Required work ::
Down to the last line, the material below should be reproduced exactly.
--- START ---
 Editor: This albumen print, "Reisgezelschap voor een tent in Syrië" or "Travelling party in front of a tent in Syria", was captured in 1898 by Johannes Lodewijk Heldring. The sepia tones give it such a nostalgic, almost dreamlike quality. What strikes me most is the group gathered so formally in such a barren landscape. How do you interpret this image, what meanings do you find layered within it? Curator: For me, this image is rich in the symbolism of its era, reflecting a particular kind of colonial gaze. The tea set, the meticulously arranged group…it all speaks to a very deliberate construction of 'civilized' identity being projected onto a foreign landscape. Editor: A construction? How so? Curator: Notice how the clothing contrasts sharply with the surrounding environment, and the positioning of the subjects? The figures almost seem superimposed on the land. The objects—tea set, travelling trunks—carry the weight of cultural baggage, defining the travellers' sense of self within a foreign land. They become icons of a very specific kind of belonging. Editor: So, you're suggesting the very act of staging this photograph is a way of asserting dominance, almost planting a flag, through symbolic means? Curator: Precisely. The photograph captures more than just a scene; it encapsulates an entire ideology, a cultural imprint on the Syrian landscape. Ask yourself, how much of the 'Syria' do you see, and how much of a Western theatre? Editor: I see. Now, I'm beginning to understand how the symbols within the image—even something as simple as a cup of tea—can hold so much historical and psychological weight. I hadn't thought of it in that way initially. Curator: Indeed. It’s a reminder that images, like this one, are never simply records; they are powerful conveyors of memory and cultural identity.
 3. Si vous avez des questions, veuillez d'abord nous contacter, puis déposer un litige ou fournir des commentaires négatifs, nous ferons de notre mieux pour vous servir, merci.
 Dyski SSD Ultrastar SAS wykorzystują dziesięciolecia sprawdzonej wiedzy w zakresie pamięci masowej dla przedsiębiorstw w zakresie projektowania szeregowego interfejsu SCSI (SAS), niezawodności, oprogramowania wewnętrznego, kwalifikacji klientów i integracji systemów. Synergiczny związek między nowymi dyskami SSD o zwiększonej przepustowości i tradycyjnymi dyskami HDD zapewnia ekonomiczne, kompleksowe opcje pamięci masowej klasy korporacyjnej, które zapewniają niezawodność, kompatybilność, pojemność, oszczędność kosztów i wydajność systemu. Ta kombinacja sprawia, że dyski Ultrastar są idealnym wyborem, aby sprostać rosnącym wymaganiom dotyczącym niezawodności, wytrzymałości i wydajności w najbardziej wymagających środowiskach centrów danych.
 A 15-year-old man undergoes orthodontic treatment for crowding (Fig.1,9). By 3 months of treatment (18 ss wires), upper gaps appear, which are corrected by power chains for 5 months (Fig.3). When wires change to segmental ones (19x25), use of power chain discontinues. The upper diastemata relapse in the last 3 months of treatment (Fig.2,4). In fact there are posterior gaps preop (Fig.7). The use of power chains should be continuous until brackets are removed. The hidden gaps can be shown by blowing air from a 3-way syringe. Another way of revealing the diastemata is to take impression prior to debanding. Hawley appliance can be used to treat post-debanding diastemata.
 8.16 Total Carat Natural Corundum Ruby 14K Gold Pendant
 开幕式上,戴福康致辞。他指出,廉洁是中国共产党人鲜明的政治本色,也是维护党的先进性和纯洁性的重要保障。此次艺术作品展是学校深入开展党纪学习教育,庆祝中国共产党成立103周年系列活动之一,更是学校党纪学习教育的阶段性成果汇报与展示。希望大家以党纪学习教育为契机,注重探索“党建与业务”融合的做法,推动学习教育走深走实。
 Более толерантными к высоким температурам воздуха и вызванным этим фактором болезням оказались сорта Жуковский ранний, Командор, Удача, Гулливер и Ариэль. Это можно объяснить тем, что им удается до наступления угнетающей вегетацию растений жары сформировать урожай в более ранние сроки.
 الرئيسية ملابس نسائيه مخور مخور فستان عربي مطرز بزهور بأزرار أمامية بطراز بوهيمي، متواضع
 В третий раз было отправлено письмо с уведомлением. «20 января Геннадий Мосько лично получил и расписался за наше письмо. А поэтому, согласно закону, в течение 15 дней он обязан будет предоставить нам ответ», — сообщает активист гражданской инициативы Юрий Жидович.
--- END ---
Answer below ::
 Editor: This albumen print, "Reisgezelschap voor een tent in Syrië" or "Travelling party in front of a tent in Syria", was captured in 1898 by Johannes Lodewijk Heldring. The sepia tones give it such a nostalgic, almost dreamlike quality. What strikes me most is the group gathered so formally in such a barren landscape. How do you interpret this image, what meanings do you find layered within it? Curator: For me, this image is rich in the symbolism of its era, reflecting a particular kind of colonial gaze. The tea set, the meticulously arranged group…it all speaks to a very deliberate construction of 'civilized' identity being projected onto a foreign landscape. Editor: A construction? How so? Curator: Notice how the clothing contrasts sharply with the surrounding environment, and the positioning of the subjects? The figures almost seem superimposed on the land. The objects—tea set, travelling trunks—carry the weight of cultural baggage, defining the travellers' sense of self within a foreign land. They become icons of a very specific kind of belonging. Editor: So, you're suggesting the very act of staging this photograph is a way of asserting dominance, almost planting a flag, through symbolic means? Curator: Precisely. The photograph captures more than just a scene; it encapsulates an entire ideology, a cultural imprint on the Syrian landscape. Ask yourself, how much of the 'Syria' do you see, and how much of a Western theatre? Editor: I see. Now, I'm beginning to understand how the symbols within the image—even something as simple as a cup of tea—can hold so much historical and psychological weight. I hadn't thought of it in that way initially. Curator: Indeed. It’s a reminder that images, like this one, are never simply records; they are powerful conveyors of memory and cultural identity.
 3. Si vous avez des questions, veuillez d'abord nous contacter, puis déposer un litige ou fournir des commentaires négatifs, nous ferons de notre mieux pour vous servir, merci.
 Dyski SSD Ultrastar SAS wykorzystują dziesięciolecia sprawdzonej wiedzy w zakresie pamięci masowej dla przedsiębiorstw w zakresie projektowania szeregowego interfejsu SCSI (SAS), niezawodności, oprogramowania wewnętrznego, kwalifikacji klientów i integracji systemów. Synergiczny związek między nowymi dyskami SSD o zwiększonej przepustowości i tradycyjnymi dyskami HDD zapewnia ekonomiczne, kompleksowe opcje pamięci masowej klasy korporacyjnej, które zapewniają niezawodność, kompatybilność, pojemność, oszczędność kosztów i wydajność systemu. Ta kombinacja sprawia, że dyski Ultrastar są idealnym wyborem, aby sprostać rosnącym wymaganiom dotyczącym niezawodności, wytrzymałości i wydajności w najbardziej wymagających środowiskach centrów danych.
 A 15-year-old man undergoes orthodontic treatment for crowding (Fig.1,9). By 3 months of treatment (18 ss wires), upper gaps appear, which are corrected by power chains for 5 months (Fig.3). When wires change to segmental ones (19x25), use of power chain discontinues. The upper diastemata relapse in the last 3 months of treatment (Fig.2,4). In fact there are posterior gaps preop (Fig.7). The use of power chains should be continuous until brackets are removed. The hidden gaps can be shown by blowing air from a 3-way syringe. Another way of revealing the diastemata is to take impression prior to debanding. Hawley appliance can be used to treat post-debanding diastemata.
 8.16 Total Carat Natural Corundum Ruby 14K Gold Pendant
 开幕式上,戴福康致辞。他指出,廉洁是中国共产党人鲜明的政治本色,也是维护党的先进性和纯洁性的重要保障。此次艺术作品展是学校深入开展党纪学习教育,庆祝中国共产党成立103周年系列活动之一,更是学校党纪学习教育的阶段性成果汇报与展示。希望大家以党纪学习教育为契机,注重探索“党建与业务”融合的做法,推动学习教育走深走实。
 Более толерантными к высоким температурам воздуха и вызванным этим фактором болезням оказались сорта Жуковский ранний, Командор, Удача, Гулливер и Ариэль. Это можно объяснить тем, что им удается до наступления угнетающей вегетацию растений жары сформировать урожай в более ранние сроки.
 الرئيسية ملابس نسائيه مخور مخور فستان عربي مطرز بزهور بأزرار أمامية بطراز بوهيمي، متواضع
 В третий раз было отправлено письмо с уведомлением. «20 января Геннадий Мосько лично получил и расписался за наше письмо. А поэтому, согласно закону, в течение 15 дней он обязан будет предоставить нам ответ», — сообщает активист гражданской инициативы Юрий Жидович.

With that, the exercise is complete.